=== Given information ===
-*-
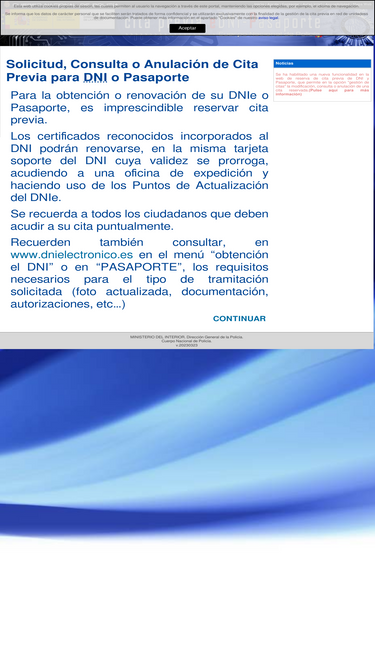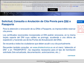 página de la dirección general de la policía para la renovación del documento nacional de identidad y el pasaporte.
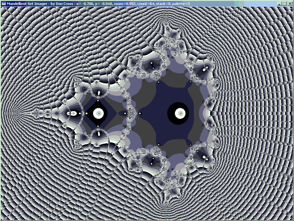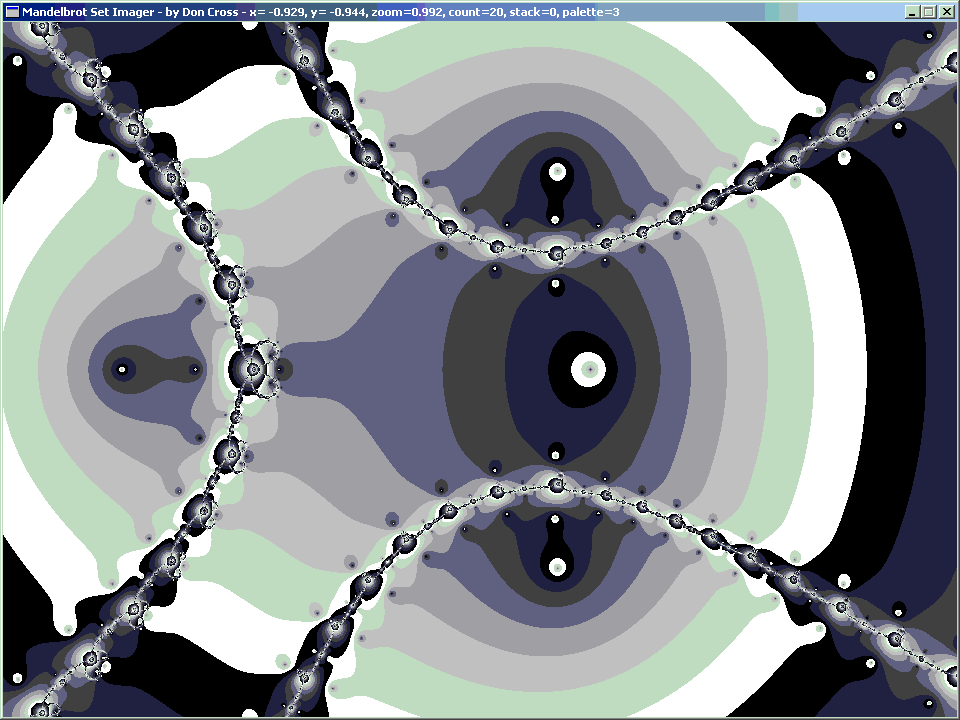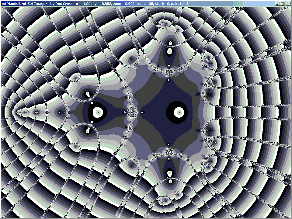 For the orbital period of 2, we get our first non-trivial image. This time it is a fractal. The solutions are z = +1 and z = −1, which show up as the larger horizontal eyes. This is interesting, but there is no resemblance of the Mandelbrot Set (yet).
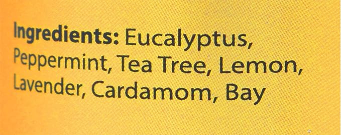 - Ingredients : Eucalyptus, Peppermint, Tea Tree, Lemon, Lavender, Cardamom and Bay. All our oils are Pure, Natural, Undiluted, Non-additives, Non-fillers, Non-synthetics, GMO-free, Best for Aromatherapy & Scents
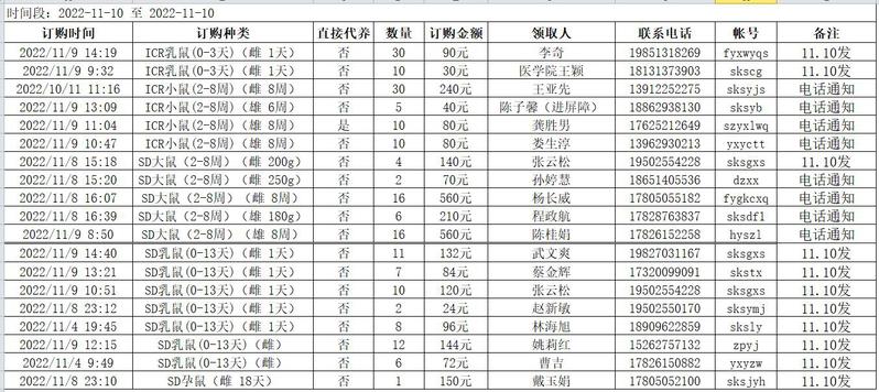 11月10日实验动物中心动物发放表
-*-
=== Work item ===
The response has to be an exact copy of all the data, pictures excluded.

=== Task answer ===
 página de la dirección general de la policía para la renovación del documento nacional de identidad y el pasaporte.
 For the orbital period of 2, we get our first non-trivial image. This time it is a fractal. The solutions are z = +1 and z = −1, which show up as the larger horizontal eyes. This is interesting, but there is no resemblance of the Mandelbrot Set (yet).
 - Ingredients : Eucalyptus, Peppermint, Tea Tree, Lemon, Lavender, Cardamom and Bay. All our oils are Pure, Natural, Undiluted, Non-additives, Non-fillers, Non-synthetics, GMO-free, Best for Aromatherapy & Scents
 11月10日实验动物中心动物发放表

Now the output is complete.